__Task details__
For the entries below, print exactly the lines between the line holding "U bašti trave" and the line holding "A krémfehér alapon", inclusive, and nothing else.

(Records from a data collection)
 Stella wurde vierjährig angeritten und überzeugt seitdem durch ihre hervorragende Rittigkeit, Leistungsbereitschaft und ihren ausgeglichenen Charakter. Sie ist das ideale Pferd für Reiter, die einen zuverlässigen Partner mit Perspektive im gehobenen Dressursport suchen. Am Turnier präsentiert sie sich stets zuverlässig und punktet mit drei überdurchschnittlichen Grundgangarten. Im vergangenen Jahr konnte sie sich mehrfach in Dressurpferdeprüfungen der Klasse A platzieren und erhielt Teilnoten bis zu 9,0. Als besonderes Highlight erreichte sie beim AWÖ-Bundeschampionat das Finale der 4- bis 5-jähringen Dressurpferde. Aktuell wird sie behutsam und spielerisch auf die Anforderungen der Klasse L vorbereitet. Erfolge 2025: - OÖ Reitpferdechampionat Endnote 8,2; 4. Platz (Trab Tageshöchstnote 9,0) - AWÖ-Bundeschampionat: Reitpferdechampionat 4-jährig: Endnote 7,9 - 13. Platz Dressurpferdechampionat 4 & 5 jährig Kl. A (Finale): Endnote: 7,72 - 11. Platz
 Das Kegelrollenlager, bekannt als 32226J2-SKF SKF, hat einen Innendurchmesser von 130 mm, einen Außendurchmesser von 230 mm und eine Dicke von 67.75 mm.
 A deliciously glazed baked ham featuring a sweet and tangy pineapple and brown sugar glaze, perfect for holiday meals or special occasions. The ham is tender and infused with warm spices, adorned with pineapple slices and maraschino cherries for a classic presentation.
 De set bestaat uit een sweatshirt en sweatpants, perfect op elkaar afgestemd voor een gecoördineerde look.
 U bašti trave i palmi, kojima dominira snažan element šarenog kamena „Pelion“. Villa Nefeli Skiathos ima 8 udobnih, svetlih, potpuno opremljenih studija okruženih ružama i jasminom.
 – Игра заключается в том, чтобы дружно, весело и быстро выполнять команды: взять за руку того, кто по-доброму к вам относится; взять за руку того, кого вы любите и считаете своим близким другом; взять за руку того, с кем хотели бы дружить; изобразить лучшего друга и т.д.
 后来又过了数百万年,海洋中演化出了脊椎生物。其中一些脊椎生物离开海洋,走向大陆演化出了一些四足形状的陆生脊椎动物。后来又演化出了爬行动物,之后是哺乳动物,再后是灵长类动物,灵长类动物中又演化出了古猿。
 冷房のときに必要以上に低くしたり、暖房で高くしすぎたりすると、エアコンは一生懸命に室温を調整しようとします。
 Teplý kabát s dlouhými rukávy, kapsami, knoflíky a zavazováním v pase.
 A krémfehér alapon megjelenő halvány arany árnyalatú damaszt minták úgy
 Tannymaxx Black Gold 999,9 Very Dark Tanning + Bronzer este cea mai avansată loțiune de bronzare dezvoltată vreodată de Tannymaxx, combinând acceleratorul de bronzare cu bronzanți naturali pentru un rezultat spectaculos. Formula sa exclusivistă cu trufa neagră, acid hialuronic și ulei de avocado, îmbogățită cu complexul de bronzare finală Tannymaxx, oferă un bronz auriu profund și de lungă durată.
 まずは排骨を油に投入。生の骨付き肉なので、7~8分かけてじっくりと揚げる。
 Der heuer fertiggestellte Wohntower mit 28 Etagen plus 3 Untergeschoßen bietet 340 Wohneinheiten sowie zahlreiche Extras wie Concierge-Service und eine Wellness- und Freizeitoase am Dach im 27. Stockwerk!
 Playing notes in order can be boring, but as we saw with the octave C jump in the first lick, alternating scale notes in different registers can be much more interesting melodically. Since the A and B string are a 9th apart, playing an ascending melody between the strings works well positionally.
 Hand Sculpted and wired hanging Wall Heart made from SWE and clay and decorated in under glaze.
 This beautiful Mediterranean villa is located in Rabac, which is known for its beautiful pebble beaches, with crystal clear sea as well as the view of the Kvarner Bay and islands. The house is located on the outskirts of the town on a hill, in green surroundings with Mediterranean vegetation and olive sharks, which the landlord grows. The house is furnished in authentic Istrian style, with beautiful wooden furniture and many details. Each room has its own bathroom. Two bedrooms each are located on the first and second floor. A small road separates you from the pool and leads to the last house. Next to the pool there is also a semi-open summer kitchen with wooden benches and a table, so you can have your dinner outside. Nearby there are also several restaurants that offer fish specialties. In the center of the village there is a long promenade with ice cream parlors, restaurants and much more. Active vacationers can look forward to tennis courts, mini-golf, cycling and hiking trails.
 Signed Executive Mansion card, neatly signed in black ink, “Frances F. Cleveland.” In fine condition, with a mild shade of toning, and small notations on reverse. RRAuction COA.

__Completed exercise__
 U bašti trave i palmi, kojima dominira snažan element šarenog kamena „Pelion“. Villa Nefeli Skiathos ima 8 udobnih, svetlih, potpuno opremljenih studija okruženih ružama i jasminom.
 – Игра заключается в том, чтобы дружно, весело и быстро выполнять команды: взять за руку того, кто по-доброму к вам относится; взять за руку того, кого вы любите и считаете своим близким другом; взять за руку того, с кем хотели бы дружить; изобразить лучшего друга и т.д.
 后来又过了数百万年,海洋中演化出了脊椎生物。其中一些脊椎生物离开海洋,走向大陆演化出了一些四足形状的陆生脊椎动物。后来又演化出了爬行动物,之后是哺乳动物,再后是灵长类动物,灵长类动物中又演化出了古猿。
 冷房のときに必要以上に低くしたり、暖房で高くしすぎたりすると、エアコンは一生懸命に室温を調整しようとします。
 Teplý kabát s dlouhými rukávy, kapsami, knoflíky a zavazováním v pase.
 A krémfehér alapon megjelenő halvány arany árnyalatú damaszt minták úgy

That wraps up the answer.